How retailers should think about out-of-home delivery strategy
Out-of-home delivery is becoming a strategic question
Out-of-home delivery is no longer a niche part of last mile logistics. In many markets, lockers and PUDO points are becoming central to how customers receive, return and control parcels.
Andre V. Veskimeister’s session at DELIVER Europe 2026 focused on why retailers need to think more carefully about their role in this shift. The rise of ecommerce, labour constraints and more flexible customer routines are all putting pressure on traditional home delivery models.
For retailers, the question is not only whether lockers are growing. It is what role the retailer wants to play in a market where delivery choice increasingly shapes customer behaviour.
Customer routines have changed
The session highlighted how customer behaviour has shifted since the pandemic.

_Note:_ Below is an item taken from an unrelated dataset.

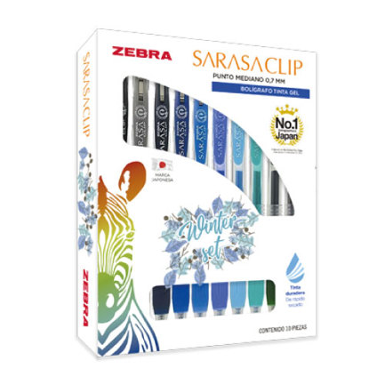 Boligrafo Zebra Sarasa Clip rollerball retractil punto mediano 0.7 tinta gel colores urtidos Wnter caja c/10
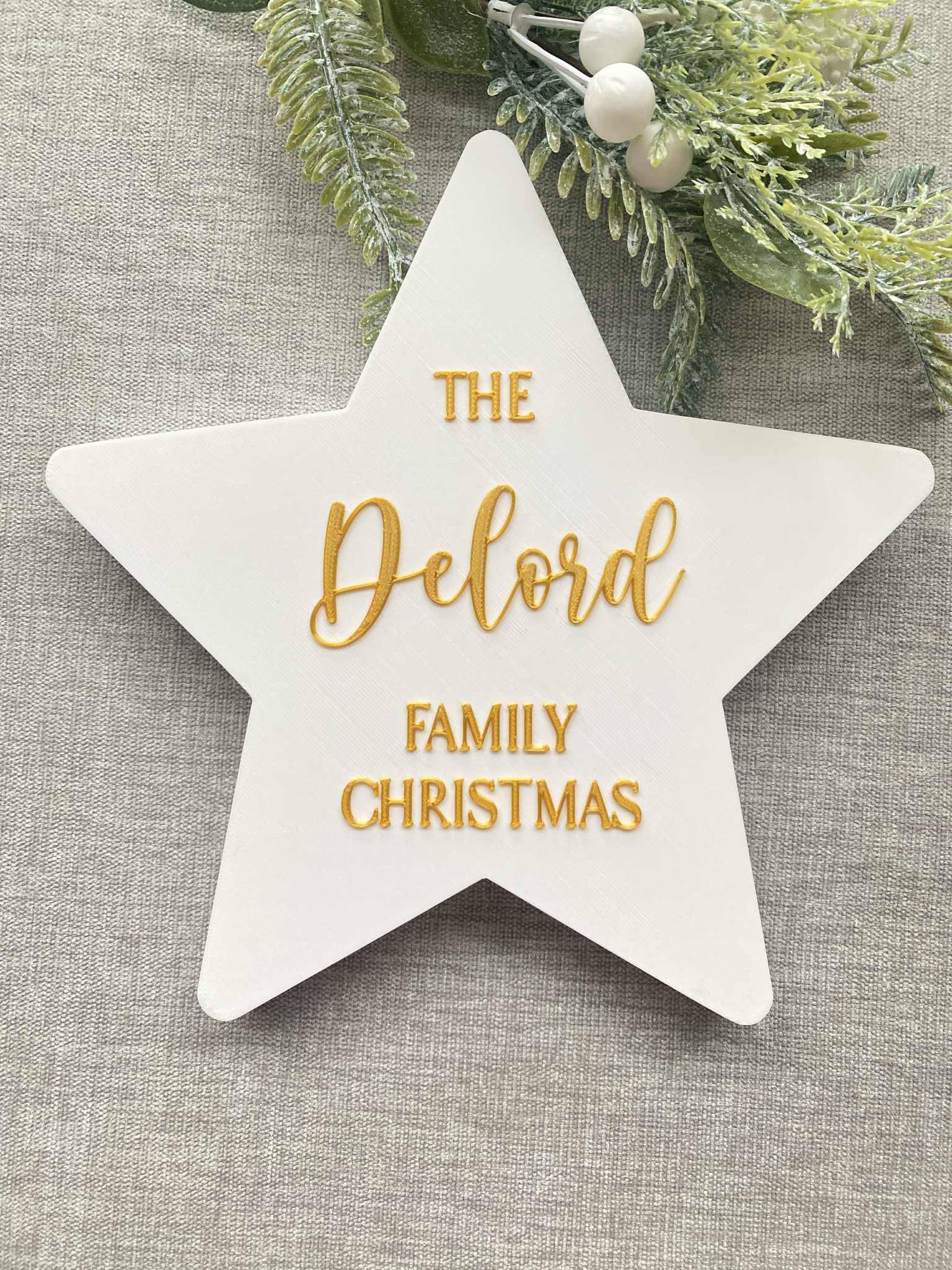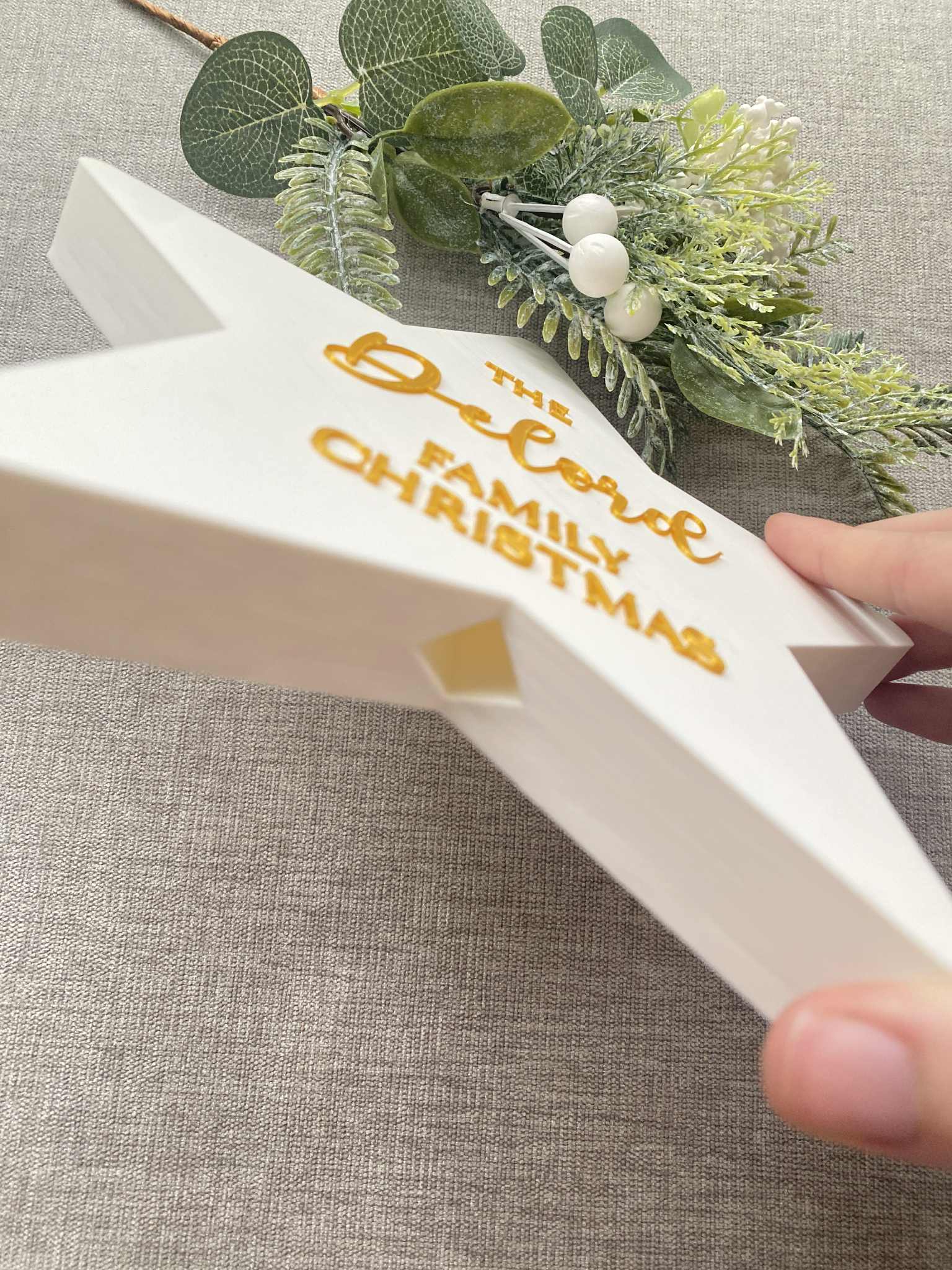 Our ‘Personalised Christmas Tree Star’ is the perfect personalised addition to your Christmas Tree this year! A great way for mothers, fathers and family’s to add a personalised touch to their Christmas Tree’s . Our Personalise Christmas Tree can be placed on a tree or be freestanding and used as personalised Christmas décor! Available in multiple sizes.

Hybrid working, changing mobility patterns and less predictable daily routines all make home delivery harder to coordinate. Customers may not always know where they will be when a parcel arrives, which increases the value of flexible delivery options.
Out-of-home delivery gives customers more control. Instead of relying on being at home at the right time, they can choose collection points or lockers that fit their routines.
Retailers have different strategic options
The session outlined three broad routes for retailers.
First, retailers can improve checkout by giving customers clearer delivery choices and allowing them to select the option that best fits their needs. Second, they can use click-and-collect lockers to automate handover in stores and improve convenience. Third, some retailers or marketplaces may choose to build their own out-of-home networks.
Each route carries different levels of investment, risk and control. The right decision depends on market maturity, customer adoption and the retailer’s broader logistics strategy.
Market maturity matters
One of the key messages was that out-of-home markets are not the same everywhere.
Some markets are in a rapid growth phase, where retailers and carriers need to move quickly because network locations are still being established. Other markets are less mature, where waiting may be more sensible until customer adoption and infrastructure develop further. In mature markets, the competitive focus may shift towards brand, network quality and customer preference.
This means there is no universal locker strategy. Retailers need to understand the specific structure of each market before deciding whether to partner, build or wait.
What this means for the DELIVER community
Out-of-home delivery is becoming part of the wider retail and logistics strategy conversation.
For retailers, the opportunity is to use delivery choice, click and collect and locker access to improve convenience and customer control. For carriers and locker providers, the challenge is to build networks that customers actively choose, not simply infrastructure that processes parcels. For marketplaces, mature out-of-home networks can become a competitive asset.
As adoption grows, the strongest strategies will be those that recognise out-of-home delivery as both a logistics model and a customer behaviour shift.